= Leah Parry =

Australian softball player

Leah Parry (born 1 July 1980 in Western Australia) is an Australian female softball Olympian. She has over 140 caps for Australia. She was selected for the Tokyo 2020 Olympics.

== Early years ==
Parry began playing for the Fremantle Rebels in the Perth Softball League at a young age. She first represented Western Australia at the age of 13 in 1993.

== Achievements ==
In 2003, Parry was part of the Western Australia (WA) team that claimed its first Gilley's Shield win since 1959. She was also part of the WA team that won again in 2011 and 2013.
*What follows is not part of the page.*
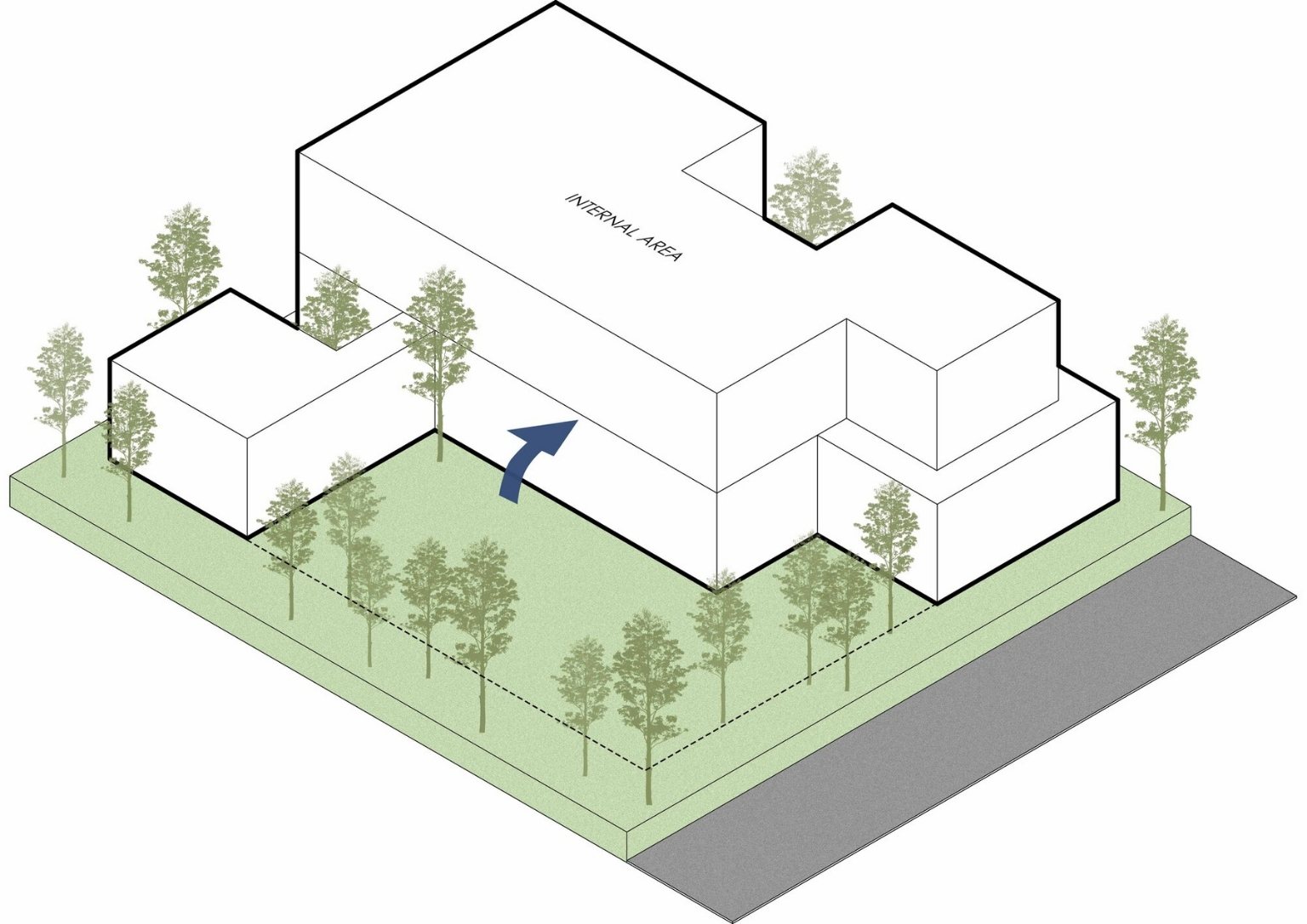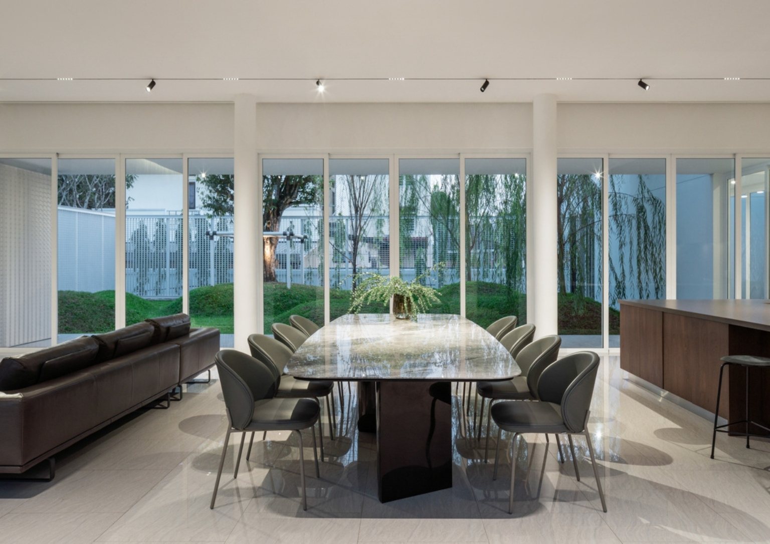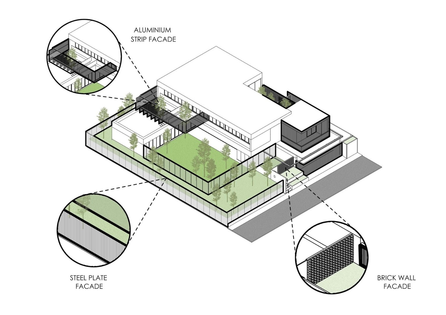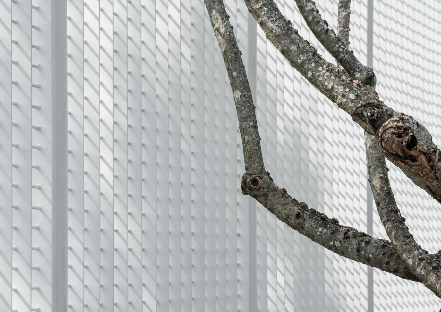 The architect has subdivided the greenspaces into courts, enclosed in facades and screens in different levels of pellucidity. “Like individual cloths, tailored to specific requirements, veiled over internal spaces, these specially laid walls and facades define exterior spaces where courts become “green rooms” interconnected with the interior volumes,” the architect explains.

Parry was one of the players cut for the Spirit's Beijing 2008 squad. This was the last Olympic Games in which softball was included until being reintroduced for the Tokyo 2020 Olympics.

She was then selected for the 2010 World Championships but decided to retire for two years. She made a comeback when it was announced that softball was once more included as an Olympic sport in the 2020 Olympics.

Parry as a second baser, batting over 0.380 at Nationals, earned selection back into the Australian team for the 2019 Asia Pacific Cup.

Parry was selected in the Australian softball squad for the Tokyo 2020 Olympics. The team won 1 of 5 matches in the group stage and did not compete for a medal.